Gary Jules, Michael Andrews - Mad World
The Neighbourhood - A Little Death
PVRIS - You and I
G-Eazy, Halsey - Him & I
Sofia Karlberg- Smells like teen spirit
Foxes - Scar
The pretty Reckless - Make me wanna die
The Offspring - You're Gonna Go Far, Kid

**

Suna

Gerçeklerden en fazla ne kadar kaçabilirdik? Gözlerimi her yeni sabaha açtığımda kafamın içinde dönüp dolaşan bu soruya artık alışmıştım, hatta onu bir şarkı gibi mırıldanıyor, saçma sapan cevaplar veriyordum.

"Kaçabilirim, istediğim gibi," diye mırıldanarak yataktan kalktığımda evin kapısının açılma sesini duydum. Kendi etrafımda dönerek sağ ayağıma işkence etmeye devam ederken. Abimin koridorda dikildiğini hissedebiliyordum, bu yüzden odamın kapısını açtım. Hazar'ın yeşilleri anında beni bulduğunda omzumu kapının pervazına yasladım, kollarımı göğsümde kavuşturup tek kaşımı havaya kaldırmıştım.

"Neden gece evde değildin?" diye sorduğumda kaşlarını çattı. Elindeki ekmek poşetine gözlerim değerken burnumu kırıştırdım. Hazar, bunu yutmadım bilesin.

"Sen bana hesap mı soruyorsun bakalım?" Dudaklarından dökülen soruyla birlikte omzumun tekini silktim. "İşim vardı."

Bakışlarını birkaç saniyeliğine kaçırdığında daha da meraklanmıştım. Hazar yine bir şeyler saklıyordu. "Ne işi?"

Sonunda Hazar tekrar bana döndüğünde çehresinde sert bir ifade belirmişti, bakışları çelikleşmiş, çenesi ise kaskatı kesilmişti. Dudaklarını aralayıp bana cevap vereceği sırada yüz ifadesi allak bullak olmuştu. Ben daha ne olduğunu anlamadan elindeki ekmek poşetini kapının koluna astı, yeşilleri kayar gibi olurken ellerini ağzına bastırdı. Hızlı bir şekilde lavabonun olduğu tarafa koşmaya başladığında omzumu pervazdan ayırdım. Peşinden ilerlemek için bir adım attığımda kulağıma öğürtü sesleri doldurdu. Geceyi içerek mi geçirmişti yani? Derin bir nefes alarak lavabonun kapısının önüne geldiğimde Hazar hala içini boşaltmakla meşguldü.

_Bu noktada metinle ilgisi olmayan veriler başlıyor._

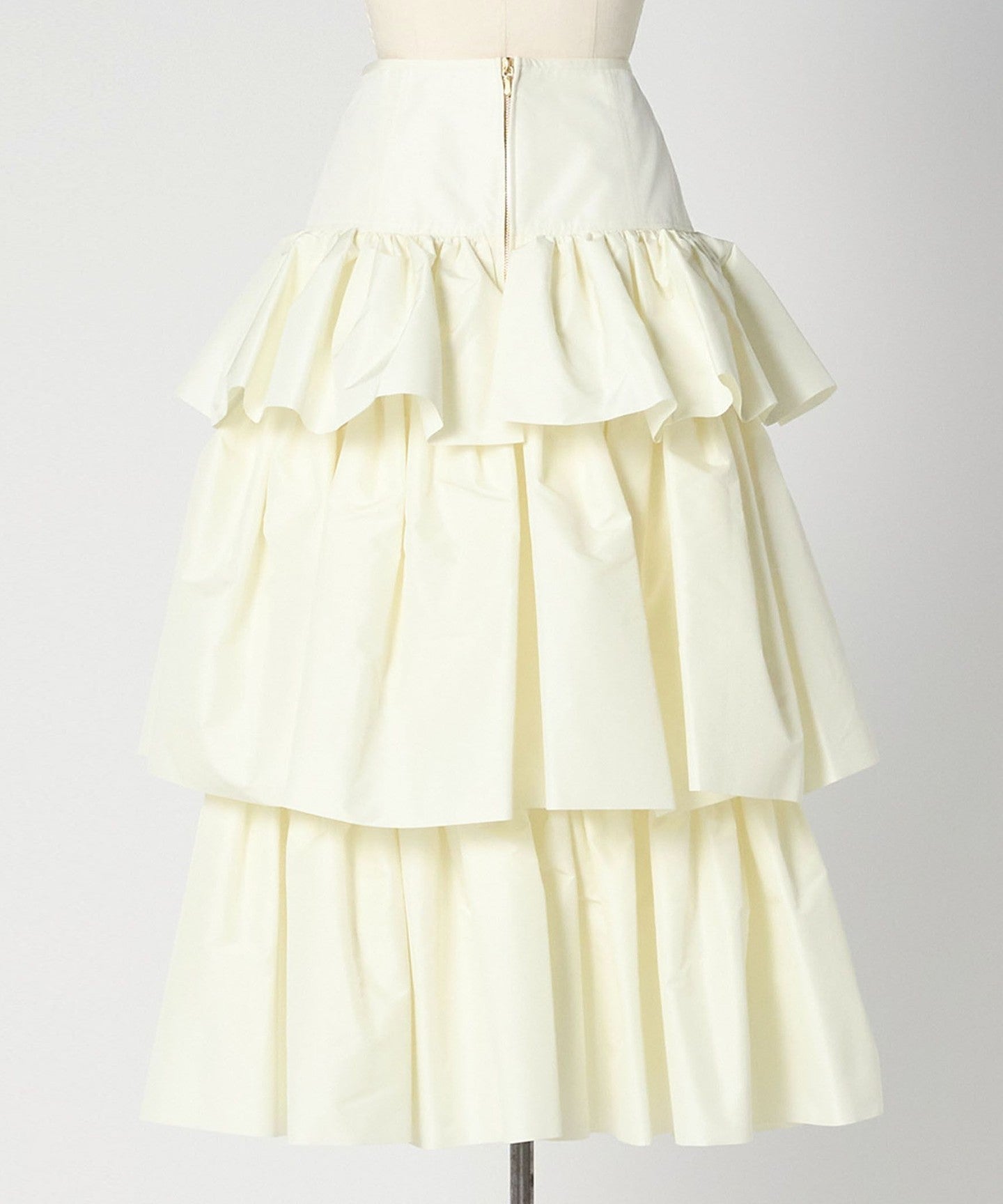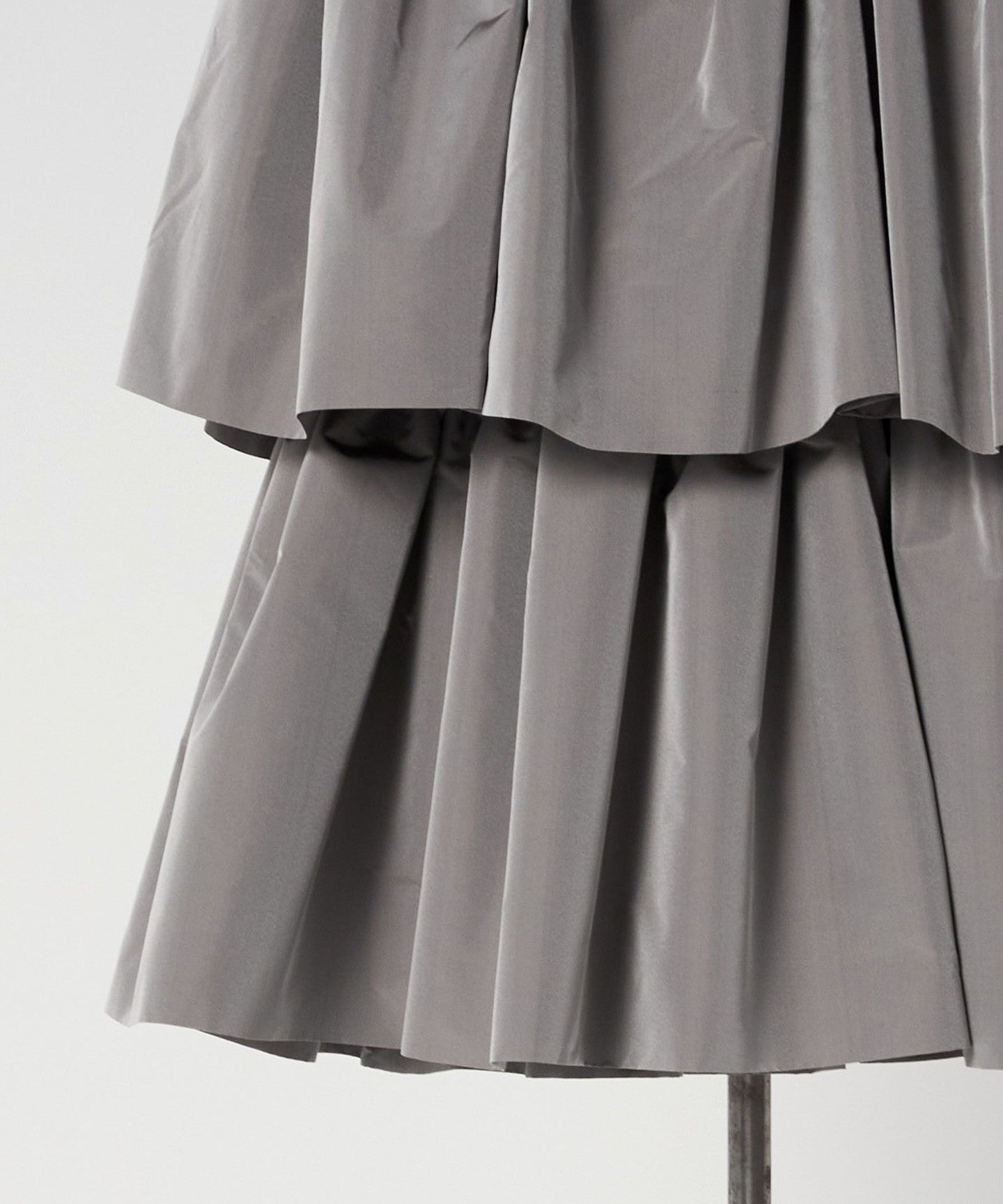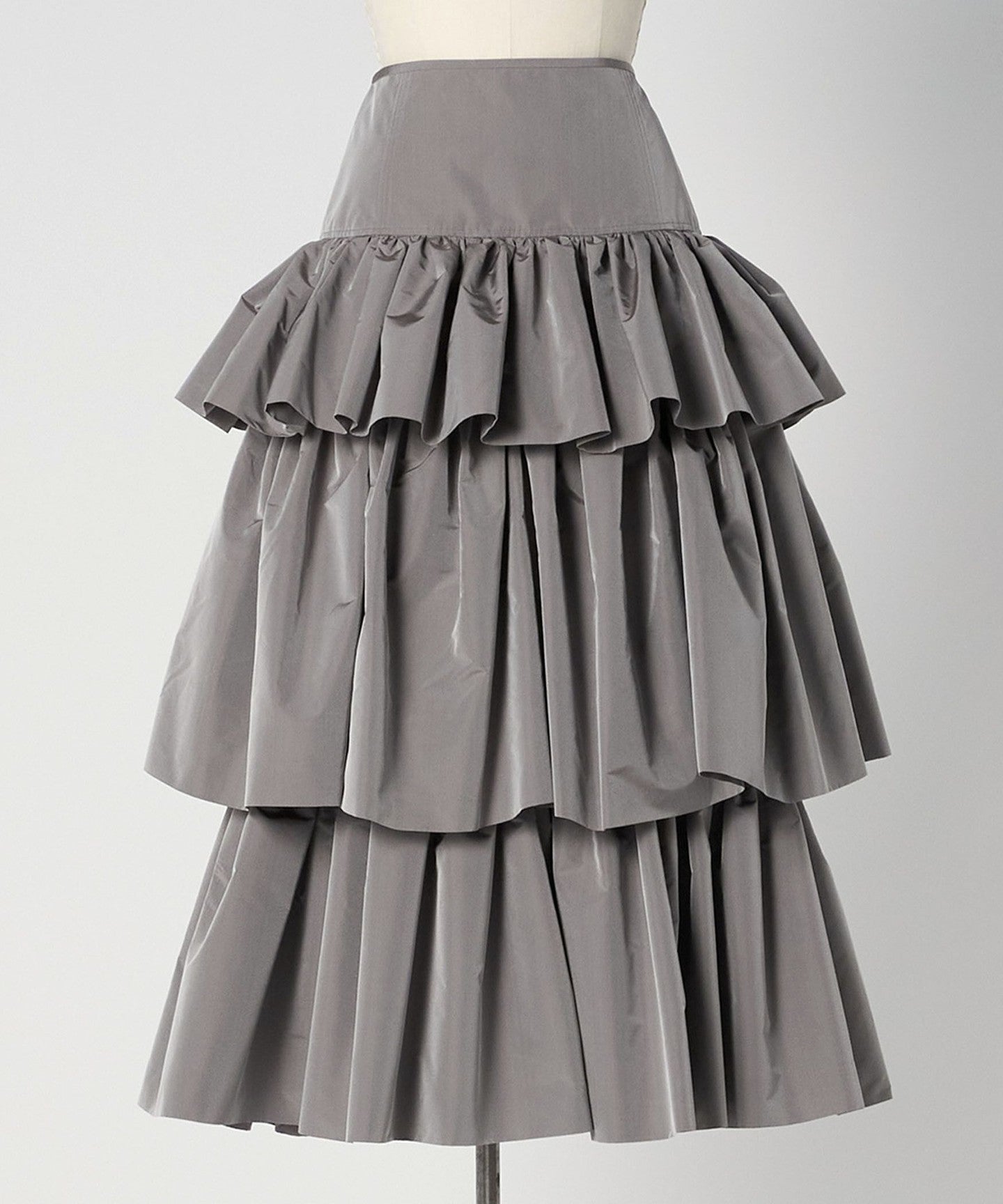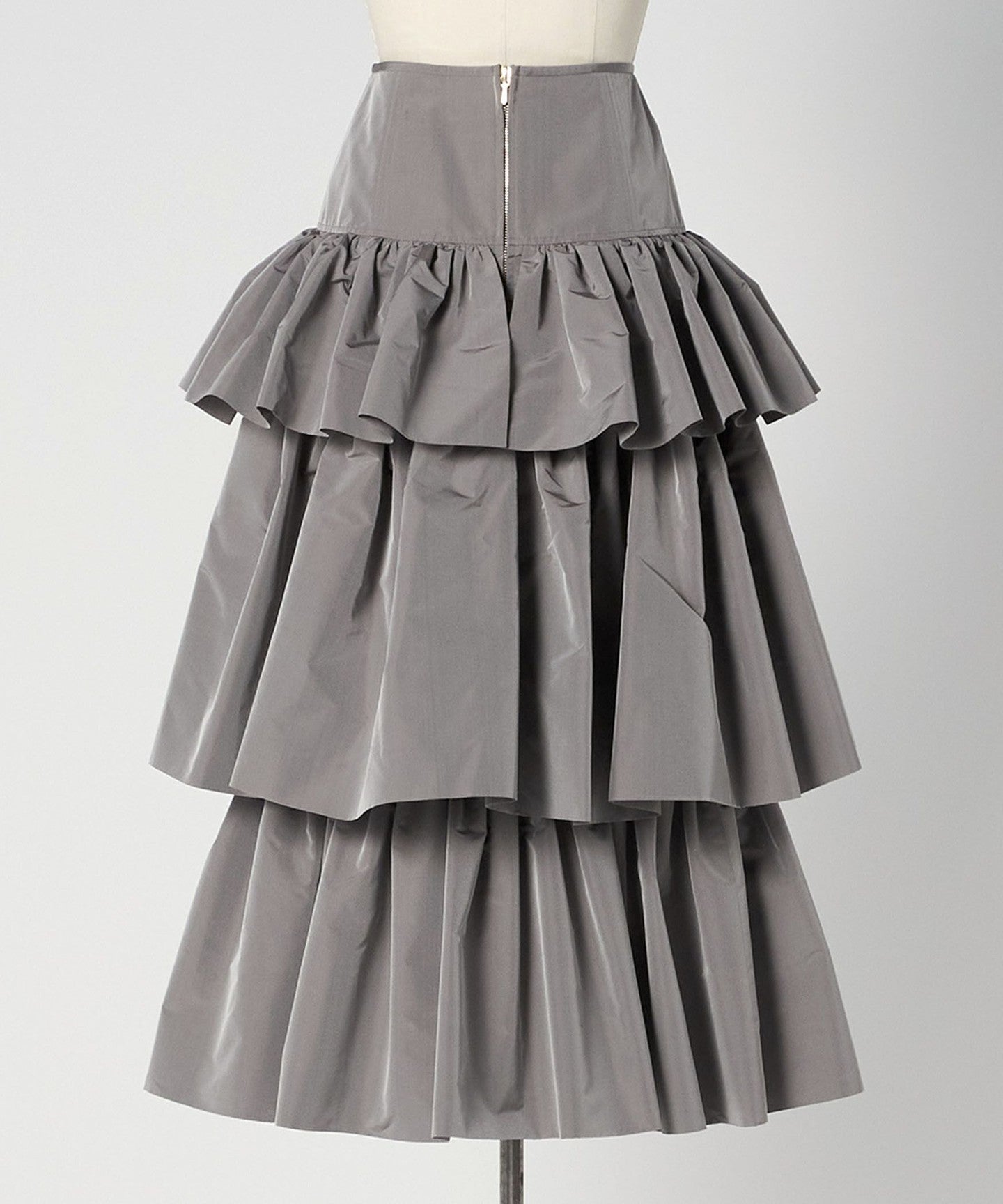 A long skirt with an impressive three-tiered frill design of varying lengths.

Yüzümü ekşittim.

Sonuna kadar açık olan kapıdan içeriye girdiğimde Hazar'ı dizlerinin üzerine çökmüş bir halde buldum. Birkaç saniye öylece durduktan sonra sifona uzandı, düğmeye basarken hala onu inceliyordum. Hazar çöktüğü yerden ağır çekimde kalktı , her an bayılacak gibi duran bedenine şaşkınlıkla karışık endişeyle baktığım sırada topuklarının üzerinde dönerek göz göze gelmemizi sağladı.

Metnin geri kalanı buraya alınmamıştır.